Absolute contraindications, which are reasons why the procedure absolutely cannot be done, include:
- Pregnancy is an absolute contraindication to the use of breast irradiation. In some cases, it may be possible to perform breast-conserving surgery in the third trimester and treat the patient with radiation after delivery.
- Two or more primary tumors in separate quadrants of the breast or with diffuse malignant-appearing microcalcifications.
- A history of prior therapeutic irradiation to the breast that would require re-treatment to an excessively high total dose.

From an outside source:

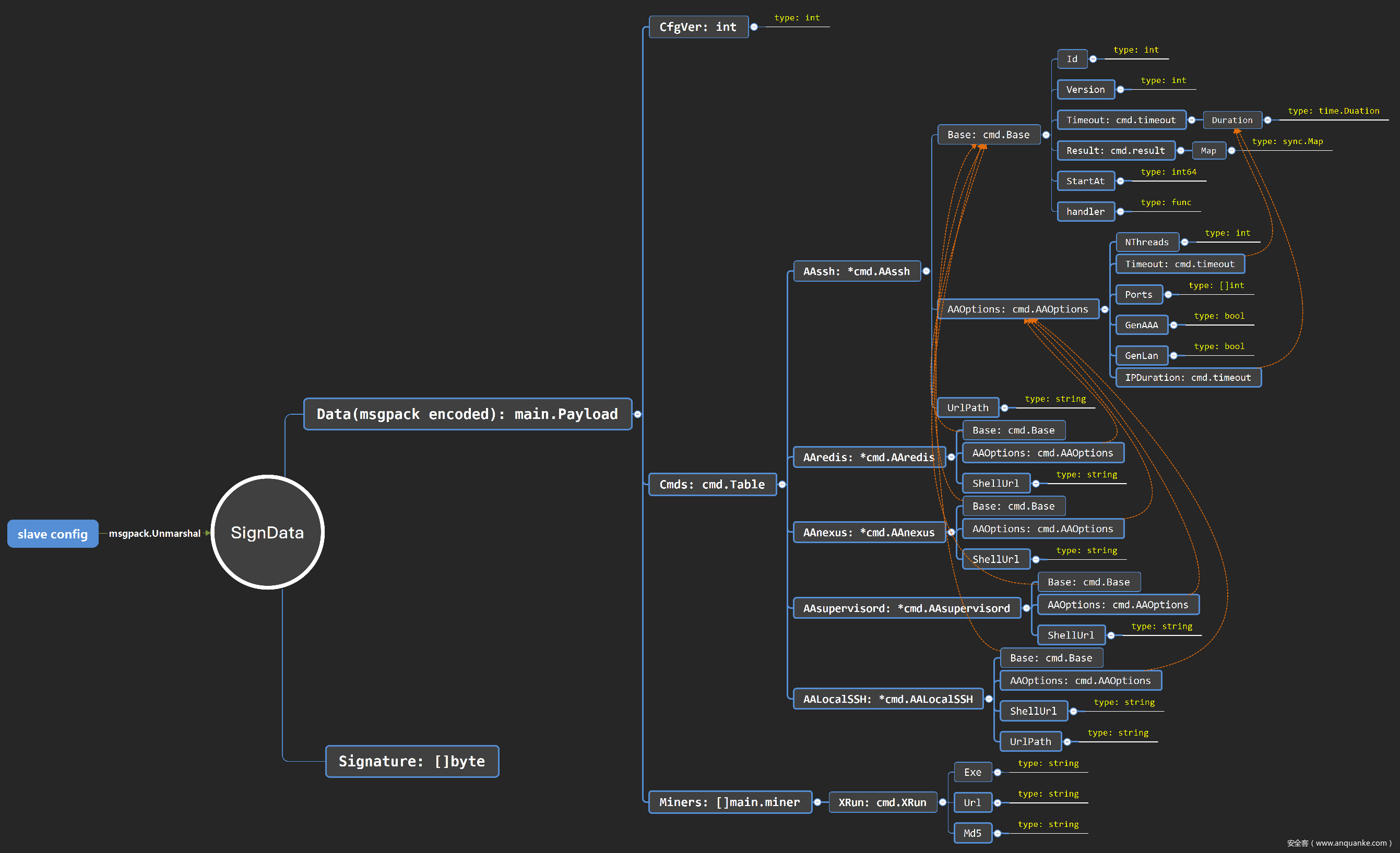 上图左边和右上方的代码块,显示该函数先用 common.SignData 这个 Struct 类型来对 C&C 返回的数据执行解码操作。然后右下方的代码块又用 main.Payload 这个 Struct 类型,对前面解码出来的部分数据进行第二层 msgpack 解码操作。

- Persistent positive margins after reasonable surgical attempts: the importance of a single focally positive microscopic margin needs further study and may not be an absolute contraindication.
- Inflammatory breast cancer
- Diffuse or indeterminate micro-calcifications on mammography
Relative contraindications encompass situations of higher risk of complications to the patient that may be outweighed by other considerations, such as the benefit to the patient. Relative contraindications include:
Oncoplastic surgery is an important consideration in breast-conserving surgery that integrates plastic surgery principles into breast cancer surgery in order to preserve aesthetic outcomes and quality of life, without compromising local control of the cancer. It is based on three surgical principles: ideal breast cancer surgery with free tumor margins, immediate breast reconstruction, and immediate symmetry with the other breast. Oncoplastic approaches to breast-conserving surgery may require a close partnership among surgeons who specialize in surgical oncology and plastic surgery. Oncoplastic surgery is not only limited to breast-conserving surgery, as the techniques and principles of plastic surgery can be applied to mastectomy as well.
Prior to 1981, there existed limited evidence that breast-conserving surgery was an acceptable alternative to radical mastectomy for treatment of early stage breast cancer. Dr. Umberto Veronesi, an Italian oncologist, challenged this notion and led a clinical trial comparing the radical mastectomy with breast-conserving surgery (which was termed quadrantectomy at the time). This landmark trial showed no differences in overall survival, disease-free survival, and local recurrence for patients with breast cancer of less than 2 cm and no palpable axillary nodes. He was widely celebrated for this landmark study, so much so that some began referring to this operation as the Veronesi Quadrantectomy.